**PROBLEM DESCRIPTION:** All of the data that follows should be given again exactly, without its images.
** Opening SUPPLIED INFORMATION block **
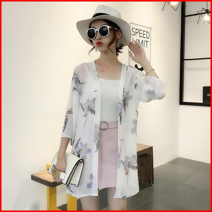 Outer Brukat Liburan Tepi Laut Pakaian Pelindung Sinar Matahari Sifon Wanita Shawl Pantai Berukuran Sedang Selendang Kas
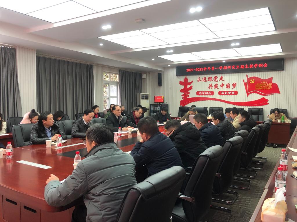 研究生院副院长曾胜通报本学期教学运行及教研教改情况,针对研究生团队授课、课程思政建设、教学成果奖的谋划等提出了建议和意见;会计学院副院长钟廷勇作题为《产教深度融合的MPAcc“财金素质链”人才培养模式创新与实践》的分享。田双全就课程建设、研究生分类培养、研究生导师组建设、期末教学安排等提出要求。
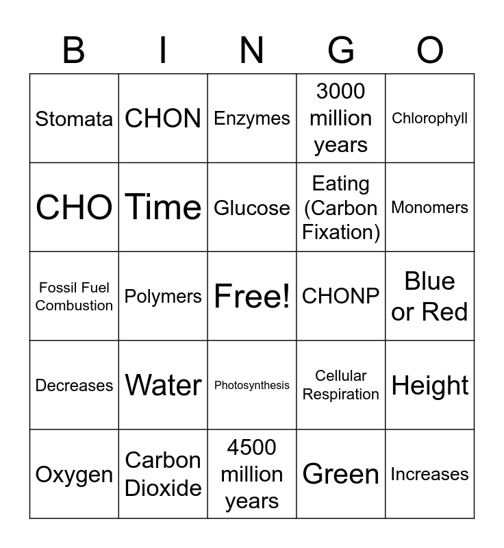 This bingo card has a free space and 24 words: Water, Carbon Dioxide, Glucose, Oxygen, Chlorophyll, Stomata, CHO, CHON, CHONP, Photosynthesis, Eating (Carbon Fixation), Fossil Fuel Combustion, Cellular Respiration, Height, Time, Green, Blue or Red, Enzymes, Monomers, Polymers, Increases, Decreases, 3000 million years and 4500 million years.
** Closing SUPPLIED INFORMATION block **
**SOLUTION:**
 Outer Brukat Liburan Tepi Laut Pakaian Pelindung Sinar Matahari Sifon Wanita Shawl Pantai Berukuran Sedang Selendang Kas
 研究生院副院长曾胜通报本学期教学运行及教研教改情况,针对研究生团队授课、课程思政建设、教学成果奖的谋划等提出了建议和意见;会计学院副院长钟廷勇作题为《产教深度融合的MPAcc“财金素质链”人才培养模式创新与实践》的分享。田双全就课程建设、研究生分类培养、研究生导师组建设、期末教学安排等提出要求。
 This bingo card has a free space and 24 words: Water, Carbon Dioxide, Glucose, Oxygen, Chlorophyll, Stomata, CHO, CHON, CHONP, Photosynthesis, Eating (Carbon Fixation), Fossil Fuel Combustion, Cellular Respiration, Height, Time, Green, Blue or Red, Enzymes, Monomers, Polymers, Increases, Decreases, 3000 million years and 4500 million years.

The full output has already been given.